Materials startup Novoloop brings its upcycled outsole to On’s new running shoe

Making sneakers is a dirty business; one that’s heavily reliant on fossil fuels. Shoe companies have experimented with various ways to reduce their footprints, from uppers made of recycled plastic to midsoles made of foam derived from sugarcane.

Now, there’s a new approach — upcycling. Materials startup Novoloop and running-shoe manufacturer On will announce a partnership later today to produce an outsole made with upcycled thermoplastic polyurethane. It’s one of a host of materials that are debuting with On’s new climate-friendly sneaker, the Cloudprime.

The partnership will be announced at an Elemental Excelerator event later today as part of Climate Week in New York City, and TechCrunch has exclusive details about the collaboration, Novoloop’s novel material and how it’s made.

“Our TPU has performed so well in the test that On felt confident enough to put it on the Cloudprime for the reveal. But furthermore, we’re working together on the scale-up planning to get our TPU into their shoe for mass production,” Novoloop co-founder and CEO Miranda Wang told TechCrunch. “They would like to see this replace as much of their synthetic rubbers that they’re using as possible.”

Novoloop was founded by Wang and COO Jeanny Yao in 2015, and since then, the company has developed a new way to break down polyethylene — the world’s most widely used plastic — into chemical building blocks that can be used to make thermoplastic polyurethane, or TPU, a synthetic material that’s worth far more than the polyethylene it’s made from.

Over the last year, the company has raised $22 million in Series A funding to bring its creation out of the lab.

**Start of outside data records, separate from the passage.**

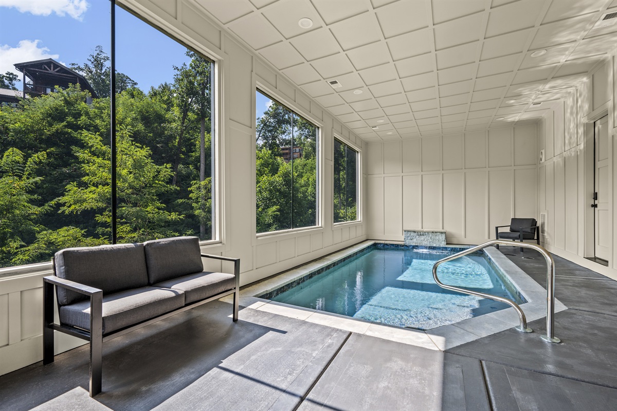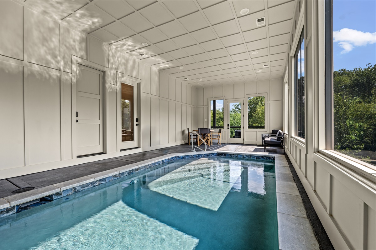 -Indoor Heated Pool (19’ x 10’): Swim year-round in comfort—pool water maintained at 82-84°F and air temp at 80-82°F.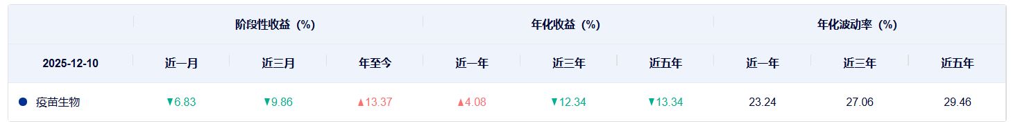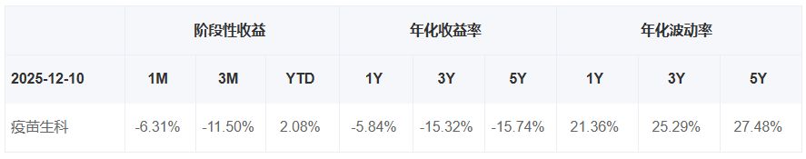 再对比两个指数的过往表现,从近一年、近三年到近五年,中证疫苗与生物技术指数的年化收益都好于国证疫苗与生物科技指数,不过两个指数近三年和近五年的年化收益均是负数。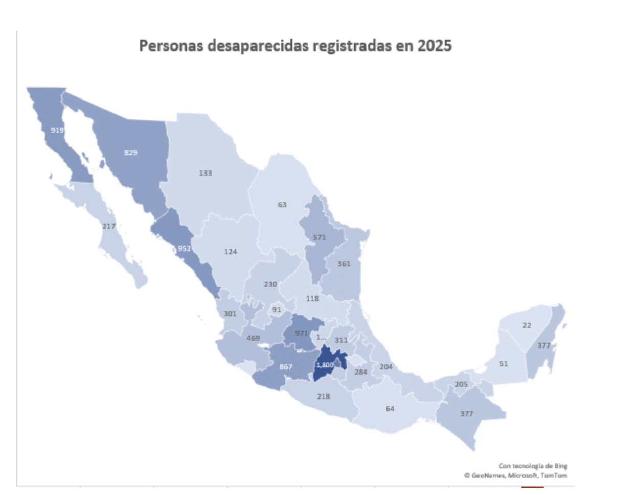 - Guanajuato: +55% (pasando de registrar 625 en 2024, a 971 en 2025).

The TPU in the On Cloudprime consists of 35% upcycled material and 65% virgin material, a ratio that Novoloop is working to change. Wang said the company is hoping to boost the upcycled fraction to 50% or greater. Today, the virgin material is coming from a fossil fuel source, though she said it’s also possible to replace it with a bio-based feedstock.

TPU is a type of compound known as a block copolymer. Polymers are long-chain molecules composed of repeating segments, and TPU has two segments, one that’s harder and another that’s softer. Novoloop’s upcycled compound, a polyol, is the soft part. It’s chained with isocyanate, the hard part, which in this version is made from virgin feedstock. That duality is what makes TPU both flexible and durable.

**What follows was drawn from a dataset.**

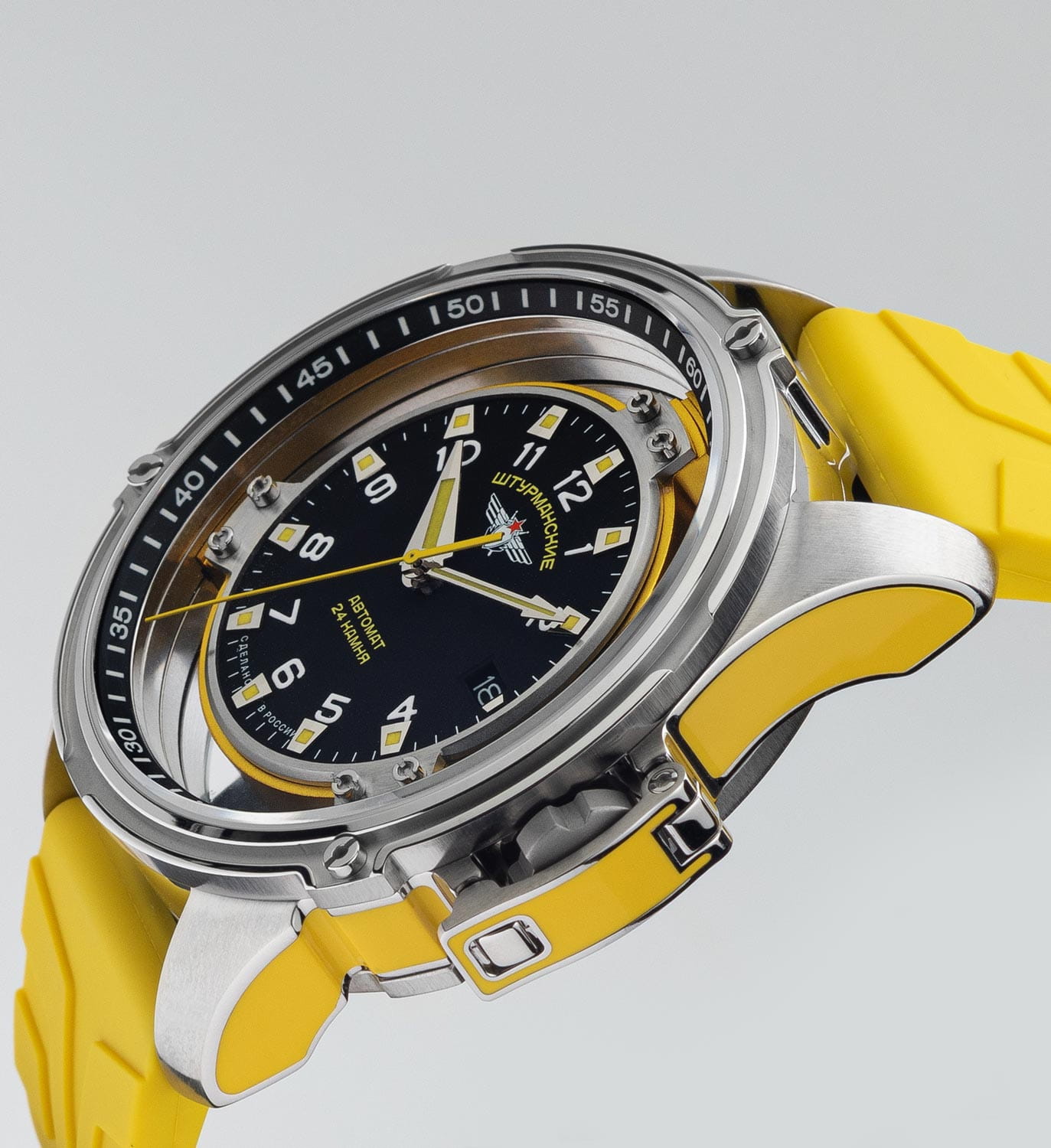 Штурманские мужские российские механические часы Штурманские Марс 2 NH35/9035977, механический механизм (автоматический калибр) с высокой точностью. Сапфировое стеклоСапфировое стеклоПрочный и надёжный материал из кристалла сапфира синтетического происхождения, характеризующийся особой твёрдостью и устойчивостью к царапинам и повреждениям. устойчивое к появлению царапин, обладающее высокой прозрачностью. Класс водозащиты: 50 метров, позволит защитить корпус от случайных брызг или капель дождя. Корпус часов изготовлен из стали. Силиконовый ремешок на стандартной застёжке. Стрелки и метки с люминесцентным покрытиемЛюминесцентное покрытиеПозволяет считывать показания времени в темноте. Производители наносят на стрелки, часовые индексы, безель или поверхность циферблата светонакопительный состав, дающий холодное свечение.. Они защищены от влаги и вибрации, оснащены надежным японским калибром NH35 Seiko с автоматическим подзаводом и запасом хода 41 час. Боковые поверхности корпуса покрыты эмалью ручной работы. Заводная головка дополнительно защищена от попадания влаги. Амортизаторы между корпусом и механизмом защищают калибр от вибрации.
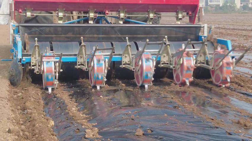 走进庙滩镇的油菜种植基地,村民们正有条不紊地忙碌着。伴随着播种机缓缓前行,一张黑色地膜被均匀铺设在田地上。随后,一粒粒油菜籽通过转轴上的小孔精准穿透地膜,落入土壤,完成高效播种。

Novoloop’s production process gives its TPU a significantly lower carbon footprint, Wang said. It’s not just the fact that the company is using recycled material — when Novoloop breaks down polyethylene, it produces diacids, which become building blocks for TPU. The way the company creates the diacids releases “a lot less” nitrous oxide than traditional methods used in the chemical industry, Wang said. Since nitrous oxides are potent greenhouse gasses, 280 times stronger than carbon dioxide over 20 years, the impact of that change is significant.

“We’re a much lower carbon-producing process, much less polluting process in general,” she said. “The industry has had about a century of time to optimize the efficiency of its process. Without doing the process differently, they’re not going to be able to eliminate that consequence.

“What we’re demonstrating is that by making these chemical building blocks from polyethylene waste, we can do it with much greater efficiency and lower footprint.”

Novoloop’s next step is to test different sources of post-consumer polyethylene. Different regions tend to produce polyethylene bales with different qualities and levels of contamination. The company has identified regions around the country that would make sense for their larger plants, and it’ll be testing feedstock samples from those locations.

Wang said that Novoloop is on the cusp of entering the second phase of its growth plan. The first phase includes working with partners like On to demonstrate that upcycled TPU is a sustainable drop-in alternative to all-virgin materials. The second is to scale its process up for mass production.

That’ll likely require more cash, Wang said, but given what Novoloop has accomplished with their relatively modest Series A, I suspect they won’t have any trouble finding investors.